BioInsole Technology
One of the world’s most under-exploited waste products – the feathers from poultry farms – is finding a smart way inside shoes, as BioInsole. Development of sustainable biocomposites / Bioinsole by converting chicken feather waste-based biomass using nanotechnology could potentially save thousands of barrels of (fossil) fuel annually. Our estimate suggests that footwear insoles made by this biocomposite can be affordably priced at Rs 150/pair as compared to existing diabetic insoles that cost Rs 1,000/pair, render odourless, and fully biodegradable. It is a green initiative process that uses readily available environment-friendly processes and materials.
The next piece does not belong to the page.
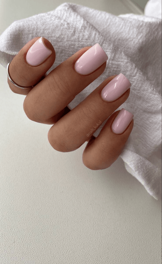 Коротким нігтям пасують молочний, нюдовий, блакитний, лимонний, рожевий jelly, лавандовий і м’який зелений. Такі відтінки роблять руки охайними й візуально не перевантажують нігтьову пластину.

This has the potential to become an urban brand, as well as a rural solution to protect happy moments of the people which has an affordable techno-commercial platform to expand our reach of homes across the globe.
The Future scope for feathers
- Assessment of keratin-based materials for more molecular biochemical, biophysical and functional properties may further widen their applications in the field of medicine, surgery, and non-biomedical fields such as electronics, textiles, automobile and packaging industries.
- Specific strategies may be evolved for better utilization of keratin-based wastes to avoid environmental pollution, landfilling, global warming and solid waste management.
- As feather waste is an abundantly available and inexpensive natural resource of keratin the production of biodegradable by-products from these wastes with innovative technology will be the best way to make the good use of environmental pollutants/ landfills which have posed serious challenges to the local administration.
- Optimization of methods for up-scale processing of keratin-based livestock wastes ensures efficient utilization of solid wastes and a safe environment.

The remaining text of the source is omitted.